==== Data excerpt ====

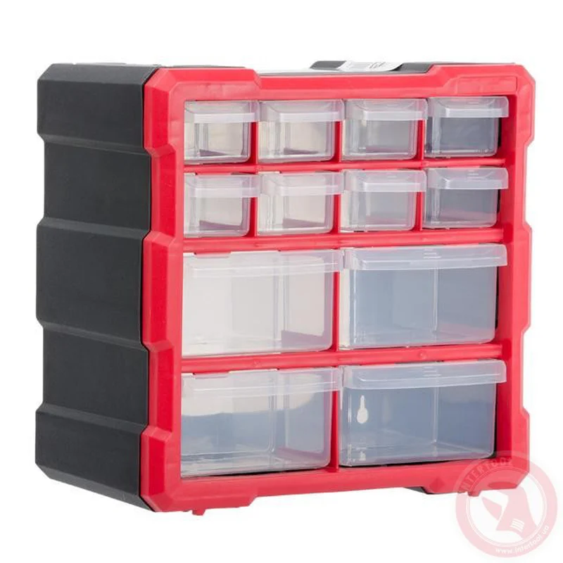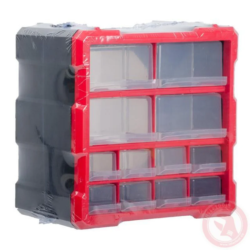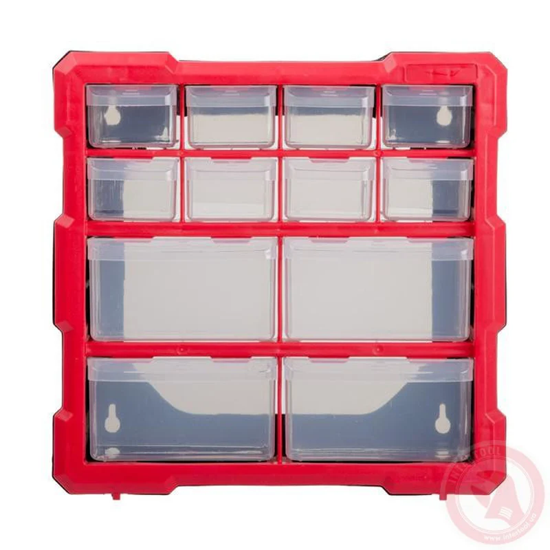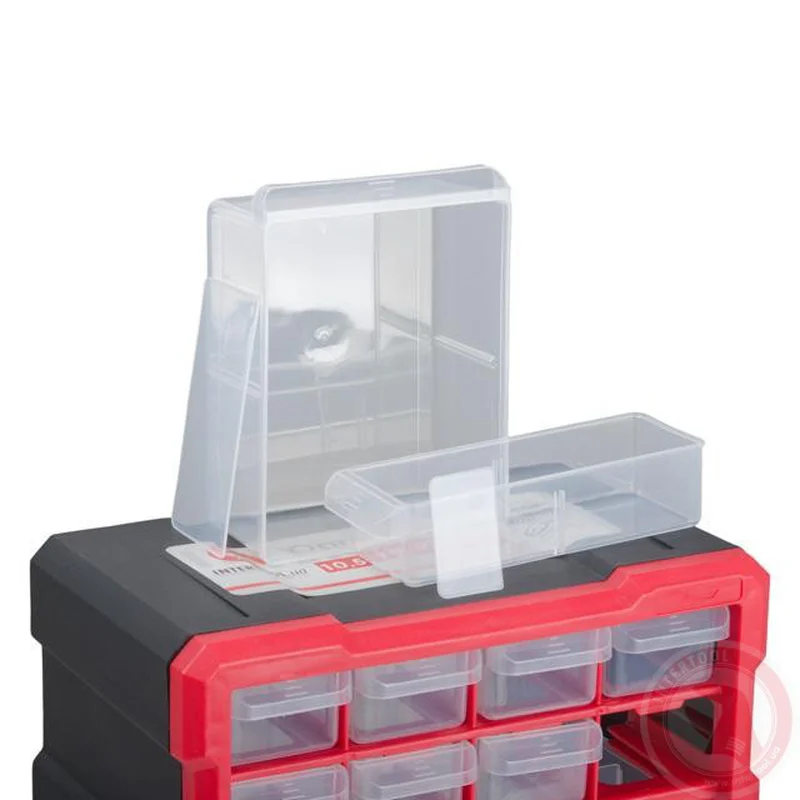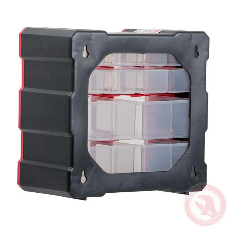 Місткий вертикальний органайзер з безліччю різних відділень допоможе навести лад на робочому місці, вдома або в гаражі. Особливості Компактний та місткий Міцний цілісний корпус Знімні перегородки всередині кожного відділення Можна кріпити на стіну Добре продумана конструкція спрощує зберігання та пошук невеликих речей, наприклад: дрібної фурнітури, метизів, біжутерії, бісеру тощо Органайзер виготовлено з міцного пластику та містить в собі 12 відділень: 4 великих (140 х 110 х 60 мм), 8 маленьких (140 х 50 х 35 мм). Зручні ручки допомагають діставати лотки, а обмежувачі на верхніх стінках комірок не дозволяють їм випадати. Усередині кожного лотка розміщується знімна перегородка, що збільшує кількість камер зберігання до 24 шт. Прозорі стінки спрощують процес пошуку. Органайзер призначений для стаціонарного використання, місткий та не займає багато місця. Завдяки отворам, розташованим на задній стінці, легко кріпиться на стіну. Організуйте ідеальний порядок з цим зручним органайзером. Ящики для інструментів, органайзери, системи зберігання №1 в Україні. За результатами незалежного рейтингового дослідження у рамках проекту Українська Народна Премія 2021 року.
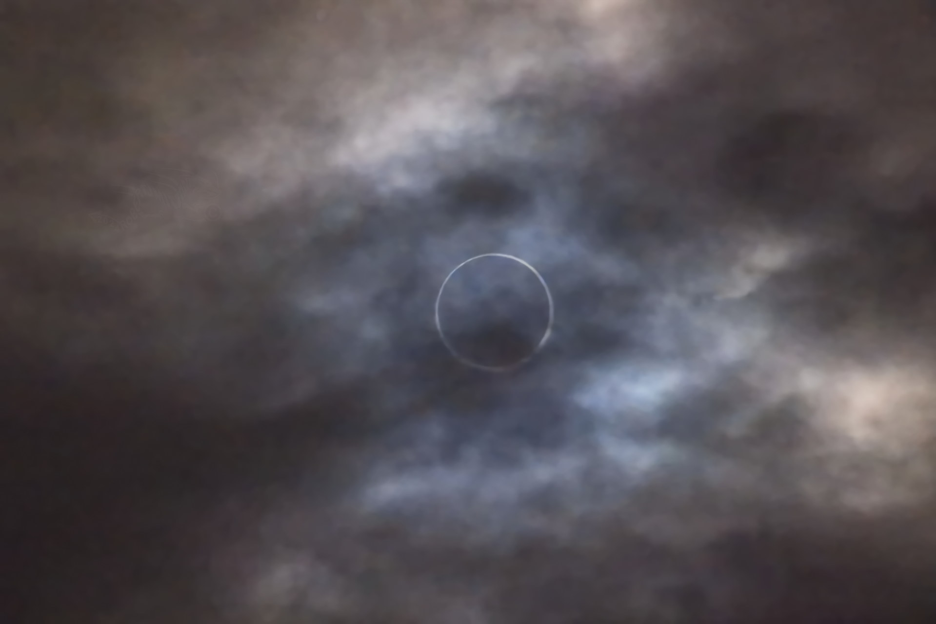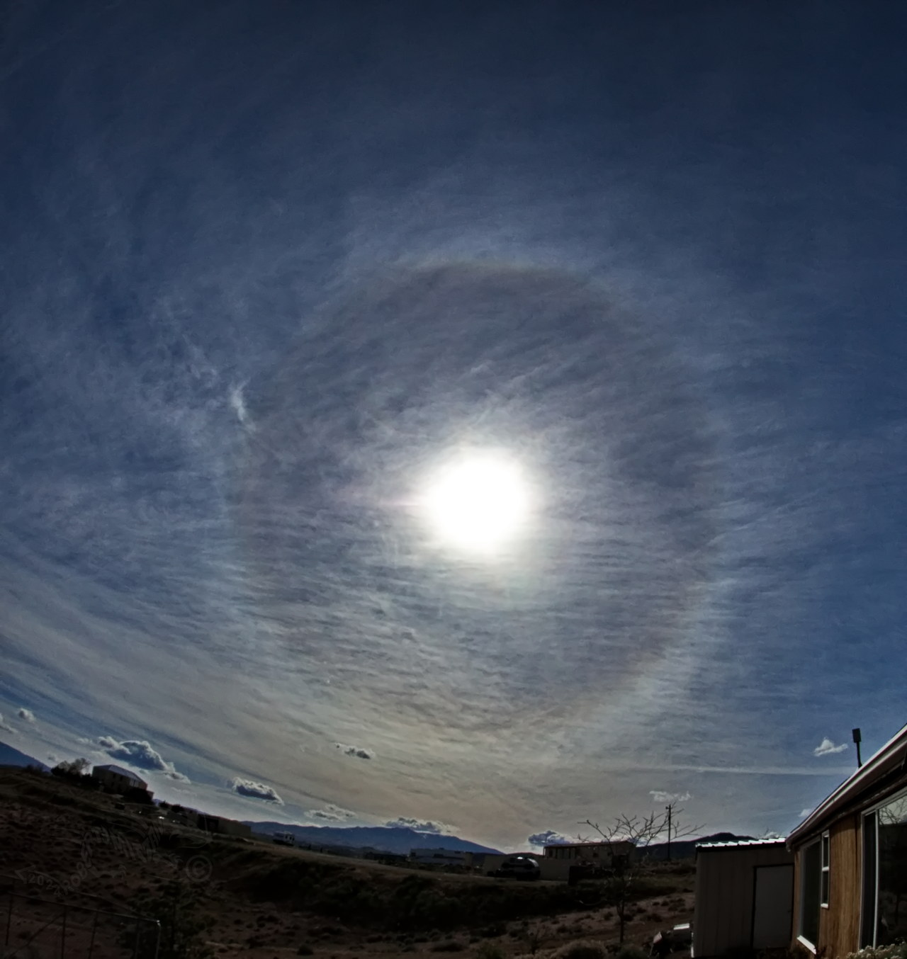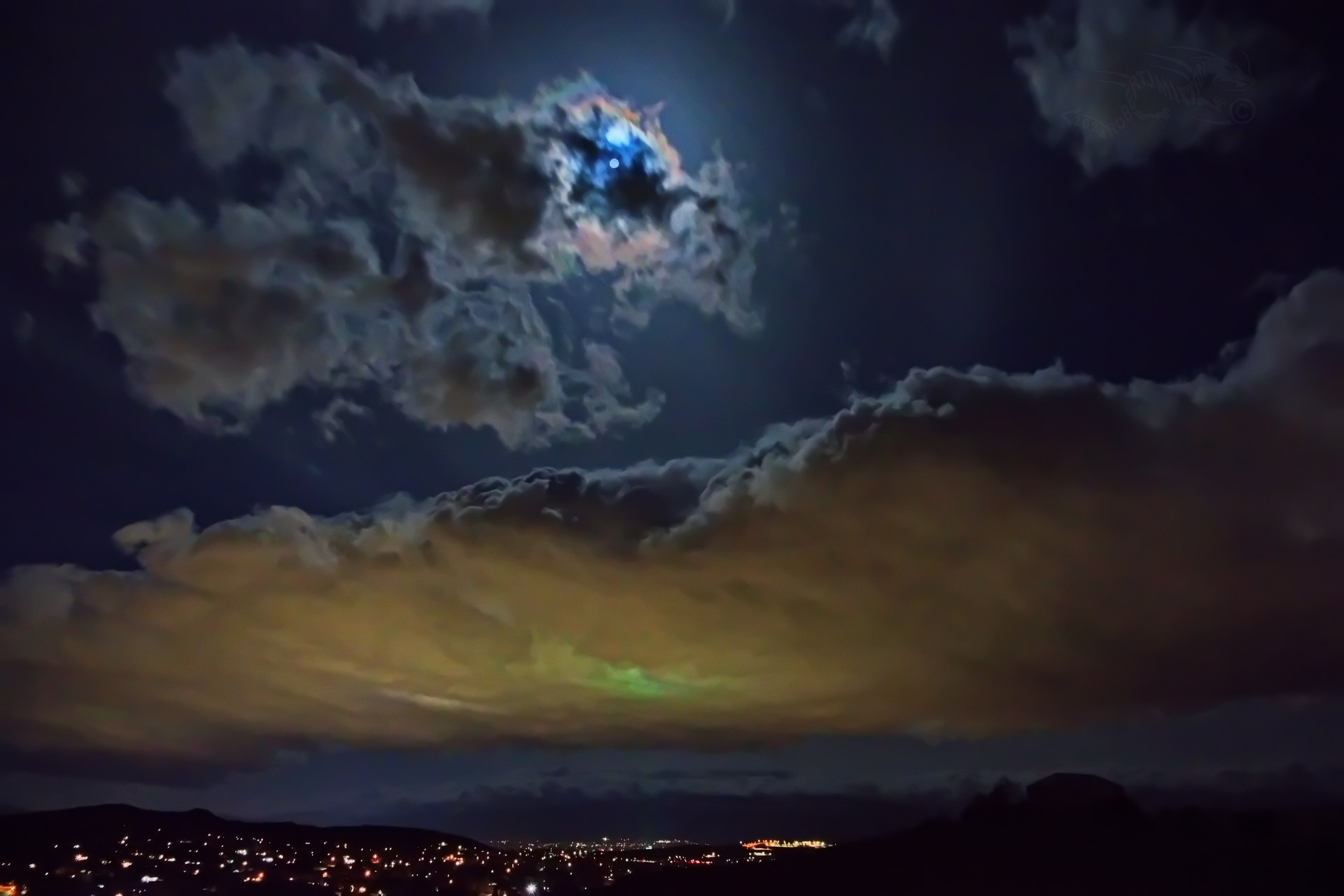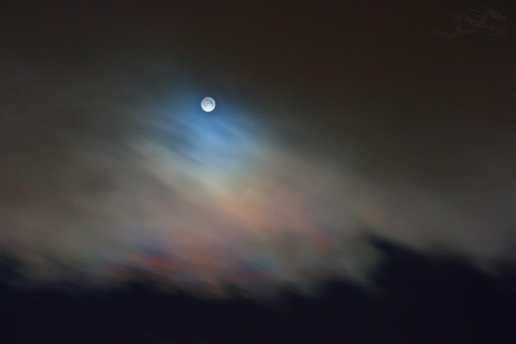 PICTURE: The moon peering through high cirrus clouds. Thin high clouds can diffract light into this colorful lunar iris.
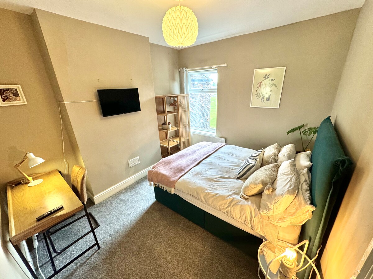 ***Discounts for longer stays. Great location for contractors and tradesmen working away Recently renovated. Good quality brand new beds and mattresses for a great night's sleep. High ceilings and original stained glass windows make the property feel bright and airy. Just 3.8 miles outside Manchester city centre in a quiet neighbourhood with a space to park on car/van on the drive and free on street parking. Many fantastic cafes, bars and restaurants just a short walk away. Fast broadband-115Mb
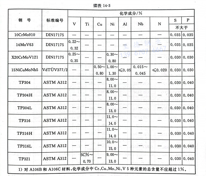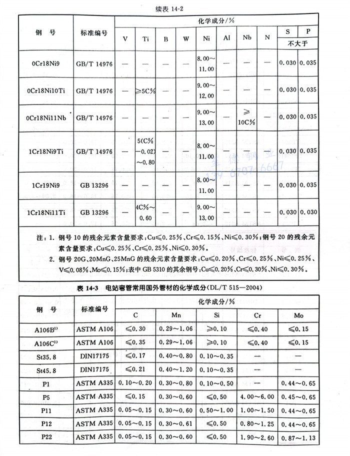 b. 电站弯管常用国外管材的化学成分见表14-3。

====

#### Assignment:
When you copy the listing above, reproduce every line exactly and skip the images.

#### Task output:
 Місткий вертикальний органайзер з безліччю різних відділень допоможе навести лад на робочому місці, вдома або в гаражі. Особливості Компактний та місткий Міцний цілісний корпус Знімні перегородки всередині кожного відділення Можна кріпити на стіну Добре продумана конструкція спрощує зберігання та пошук невеликих речей, наприклад: дрібної фурнітури, метизів, біжутерії, бісеру тощо Органайзер виготовлено з міцного пластику та містить в собі 12 відділень: 4 великих (140 х 110 х 60 мм), 8 маленьких (140 х 50 х 35 мм). Зручні ручки допомагають діставати лотки, а обмежувачі на верхніх стінках комірок не дозволяють їм випадати. Усередині кожного лотка розміщується знімна перегородка, що збільшує кількість камер зберігання до 24 шт. Прозорі стінки спрощують процес пошуку. Органайзер призначений для стаціонарного використання, місткий та не займає багато місця. Завдяки отворам, розташованим на задній стінці, легко кріпиться на стіну. Організуйте ідеальний порядок з цим зручним органайзером. Ящики для інструментів, органайзери, системи зберігання №1 в Україні. За результатами незалежного рейтингового дослідження у рамках проекту Українська Народна Премія 2021 року.
 PICTURE: The moon peering through high cirrus clouds. Thin high clouds can diffract light into this colorful lunar iris.
 ***Discounts for longer stays. Great location for contractors and tradesmen working away Recently renovated. Good quality brand new beds and mattresses for a great night's sleep. High ceilings and original stained glass windows make the property feel bright and airy. Just 3.8 miles outside Manchester city centre in a quiet neighbourhood with a space to park on car/van on the drive and free on street parking. Many fantastic cafes, bars and restaurants just a short walk away. Fast broadband-115Mb
 b. 电站弯管常用国外管材的化学成分见表14-3。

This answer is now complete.